* INFORMATION SUPPLIED *
********************

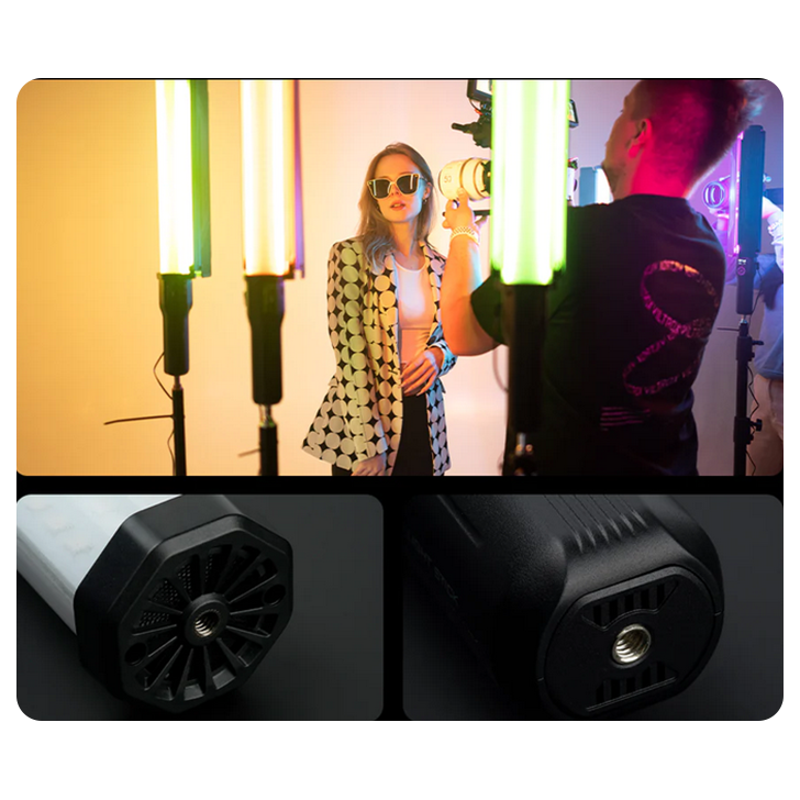 Автономная работаВ рукоятке осветителя спрятана батарея, что способна обеспечить до 110 минут работы. Также предусмотрен порт DC 5.5/2.5мм для работы от сети. В верхней и нижней части имеется крепление 1/4" для установки на треногу или иное крепление |
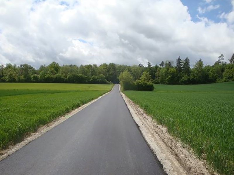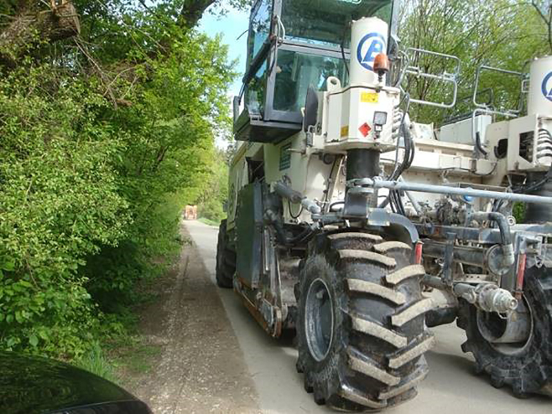Am 02. Februar wurde mit der Entnahme der Bodenproben für die Bestimmung der Rezeptur begonnen. Zur Angabe des exakten Mixverhältnisses wurden ca. 50 Liter Bodenmaterial per Schürfung für das Labor entnommen. Nach wenigen Tagen stand dieses fest und stellte die Grundlage für die Verarbeitung der vor Ort befindlichen Böden dar. Danach folgten die Vorarbeiten inklusive Verlegung der Wasserleitung und Abziehen der Bankette sowie Aufziehen von Vorlagematerial. Um die spätere Entwässerung des Weges zu gewährleisten, wurden vor den Stabilisierungsarbeiten die Bankette frei gemacht. In manchen Fällen ist es zusätzlich notwendig, Material vorzulegen, um die vorhandene Neigung des Weges anzupassen. Danach fanden Stabilisierungsarbeiten im Panmax-Verfahren in einer Schichtdicke von 25cm statt. In wenigen Arbeitsschritten wurde die Stabilisierung mit dem vorhandenen Bodenmaterial, Zement sowie Nanopartikeln realisiert. Die fertige Tragschicht benötigte im Anschluss ca. 24 bis 48 Stunden Aushärtungszeit und konnte im Anschluss wieder befahren werden. Ende Mai wurde als Abschlussschicht eine circa 09 cm dicke Asphaltschicht eingebaut. Während der Arbeiten war es glungen, die Vollsperrung der Straße auf ein Minimum zu reduzieren.
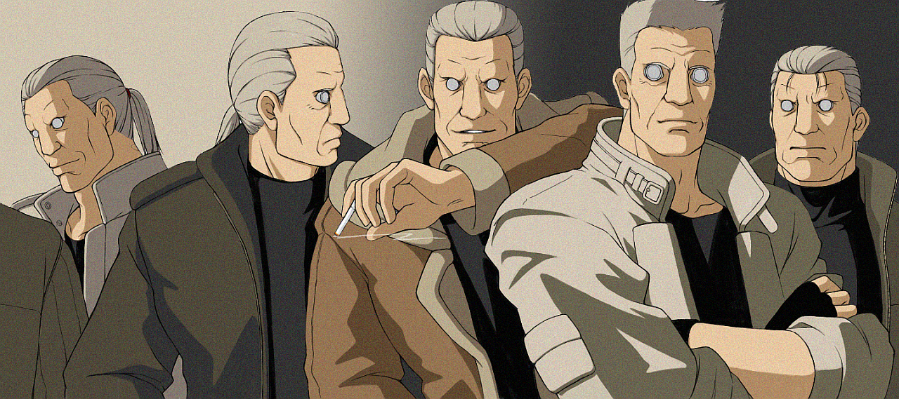 1boycigarettecomparisonfingerless glovesglovesgradient backgroundmale focusmultiple personamultiple viewsponytailupper body
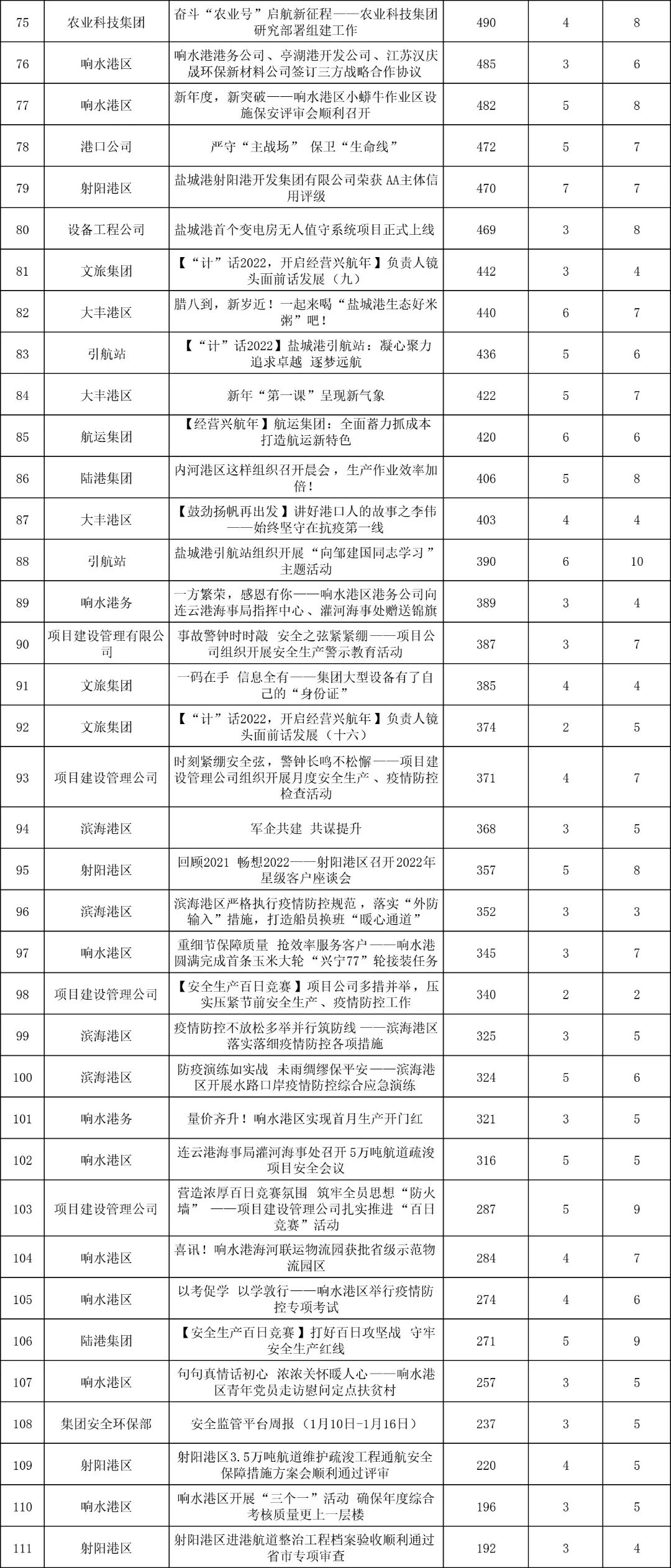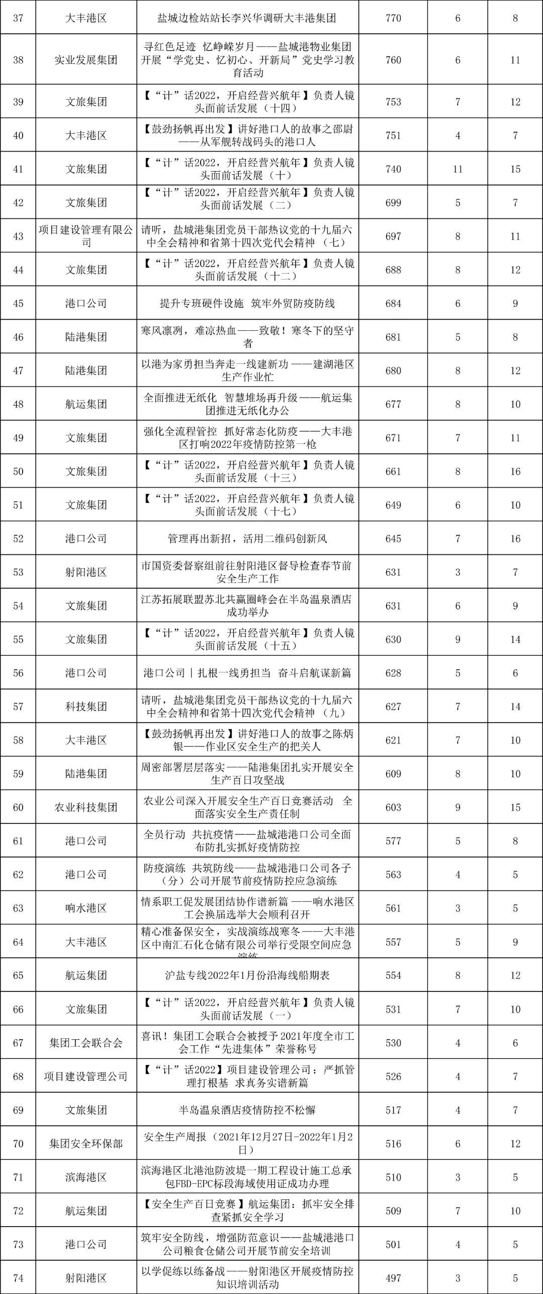 1月,“江蘇鹽城港控股集團”微信公眾號推送文章170篇,截至目前,閱讀總量14萬+,各單位供稿111篇。其中,文旅集團以2.1萬閱讀數(shù),24篇稿件量,遙遙領先;大豐港區(qū)以1.8萬閱讀數(shù),16篇稿件量,位列第二;港口公司、響水港區(qū)在供稿方面,以同樣13篇的數(shù)量并列第三,在閱讀量方面,港口公司以1.2萬的數(shù)量,位列單項第三;其他港口及板塊集團積極參與,踴躍投稿,情況較好。

********************

* WORK INSTRUCTION *
Exclude every picture and copy the remaining data exactly.

* RESULT OF THIS EXERCISE *
 Автономная работаВ рукоятке осветителя спрятана батарея, что способна обеспечить до 110 минут работы. Также предусмотрен порт DC 5.5/2.5мм для работы от сети. В верхней и нижней части имеется крепление 1/4" для установки на треногу или иное крепление |
Am 02. Februar wurde mit der Entnahme der Bodenproben für die Bestimmung der Rezeptur begonnen. Zur Angabe des exakten Mixverhältnisses wurden ca. 50 Liter Bodenmaterial per Schürfung für das Labor entnommen. Nach wenigen Tagen stand dieses fest und stellte die Grundlage für die Verarbeitung der vor Ort befindlichen Böden dar. Danach folgten die Vorarbeiten inklusive Verlegung der Wasserleitung und Abziehen der Bankette sowie Aufziehen von Vorlagematerial. Um die spätere Entwässerung des Weges zu gewährleisten, wurden vor den Stabilisierungsarbeiten die Bankette frei gemacht. In manchen Fällen ist es zusätzlich notwendig, Material vorzulegen, um die vorhandene Neigung des Weges anzupassen. Danach fanden Stabilisierungsarbeiten im Panmax-Verfahren in einer Schichtdicke von 25cm statt. In wenigen Arbeitsschritten wurde die Stabilisierung mit dem vorhandenen Bodenmaterial, Zement sowie Nanopartikeln realisiert. Die fertige Tragschicht benötigte im Anschluss ca. 24 bis 48 Stunden Aushärtungszeit und konnte im Anschluss wieder befahren werden. Ende Mai wurde als Abschlussschicht eine circa 09 cm dicke Asphaltschicht eingebaut. Während der Arbeiten war es glungen, die Vollsperrung der Straße auf ein Minimum zu reduzieren.
 1boycigarettecomparisonfingerless glovesglovesgradient backgroundmale focusmultiple personamultiple viewsponytailupper body
 1月,“江蘇鹽城港控股集團”微信公眾號推送文章170篇,截至目前,閱讀總量14萬+,各單位供稿111篇。其中,文旅集團以2.1萬閱讀數(shù),24篇稿件量,遙遙領先;大豐港區(qū)以1.8萬閱讀數(shù),16篇稿件量,位列第二;港口公司、響水港區(qū)在供稿方面,以同樣13篇的數(shù)量并列第三,在閱讀量方面,港口公司以1.2萬的數(shù)量,位列單項第三;其他港口及板塊集團積極參與,踴躍投稿,情況較好。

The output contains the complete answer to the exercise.